There is a very good chance that the cold temps and snow will return soon! Winter in NEPA can be the perfect opportunity to try something new. For example, for those who enjoy running or walking you can continue to do so in the winter, with a few adjustments. Equipment, such as treaded sneakers, allows you to run or walk in the snow. Snow shoes are a great way to hike and walk in the snow while cross country skiing simulates running in the snow. But, in the last few years, another outdoor activity has become a winter sport; mountain biking in the snow has become popular.

Many mountain biking enthusiasts in NEPA enjoy 7-8 months of trail riding at our beautiful state parks. Now, with a few modifications, mountain bikers can continue year round. In fact, the adventure in the snow may be an exciting new experience. If winter biking is not your thing, maybe winter walking, running, snow shoeing or cross-country skiing will suit you better.   

The physical and psychological benefits of outdoor activities are many: each season brings its own unique beauty, and winter is no different. Most will not have to abandon outdoor activities, but some adjustments in equipment, clothing, and food are necessary for each season and the temperature changes that it brings.

Mountain Biking in the Snow

While recommended, it is not necessary to purchase a bike specifically for mountain biking in the snow. With a few simple modifications and adjustments, you can prepare a regular mountain bike for winter use.

Modify The Bike Shocks

In addition to rocks and stumps, winter biking offers the challenges of snow banks and ice chunks. The air pressure in your shock system will be affected by temperature. Additional air pressure will be required to improve shock absorption and in extreme cases, using less viscous oil will be required.

Modify The Tires

Pressure - lower the air pressure in the tires 5-10 psi lower than normally used in the summer to improve traction.

Treads – Just as with winter car tires, a larger tire with more volume and large, widely space knobs will improve traction. Some special winter tires offer studs for improved performance on the ice.


Disc Brakes – that are self-cleaning and mounted away from the snow are best for winter biking. However, brakes should be examined and cleaned intermittently for snow and ice accumulation.


Platform Pedals – allow the rider to quickly plant the foot for balance when sliding.


It is important to layer clothing. Use DryTech or UnderArmor type materials (headgear, gloves, shirts and pants) to allow sweat to breath away from the skin to the next layer of clothing. Use a facemask to cover your mouth and nose to prevent frost bite and warm air before it enters the lungs. Chemical hand and toe warmers are great. Try winter running or walking shoes as described below.

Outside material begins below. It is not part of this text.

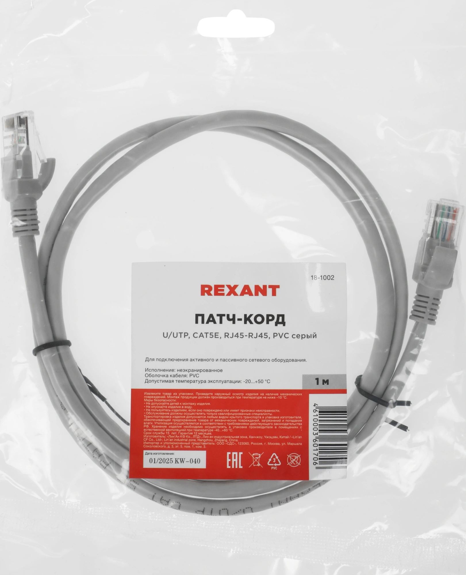 Патч-корд Rexant 18-1002 UTP RJ-45 вил.-RJ-45 мод. кат.5E 1м серый ПВХ

Walking or Running in the Snow

There are running shoes specifically designed for use in wet, cold and sloppy winter conditions. These “winterized” running shoes, which can also be used for walking, offer waterproofing, sealed seams, gaiter collars to keep out snow and slop, slip resistant fabric, anti-roll stability features, anti-microbal material and aggressive tread patterns for traction on slippery surfaces. Some shoe recommendations for both winter walkers and runners include:

. Some shoe recommendations for winter runners and walkers from The Runner’s World Magazine include:

  • Salomon Sense Ride 3 GTX: $160.00
  • Inov-8 TerraUltra G 270: $160.00
  • Saucony Peregrine ICE+: $149.95
  • Merrell Nova 2/Antora 2: $109.99
  • Altra King MT 2: $99.81

For winter walkers, walking or trekking poles will improve balance and safety when briskly walking in winter conditions. I am a strong proponent of using these tools. They are lightweight, adjustable, and collapsible. Some examples are: Black DiamondR Trail Explorer 3 Trekking Poles - $59.99 andMountainsmithR FX Lite Trekking Poles - $35.09. For an inexpensive alternative, an old pair of ski poles will work just fine.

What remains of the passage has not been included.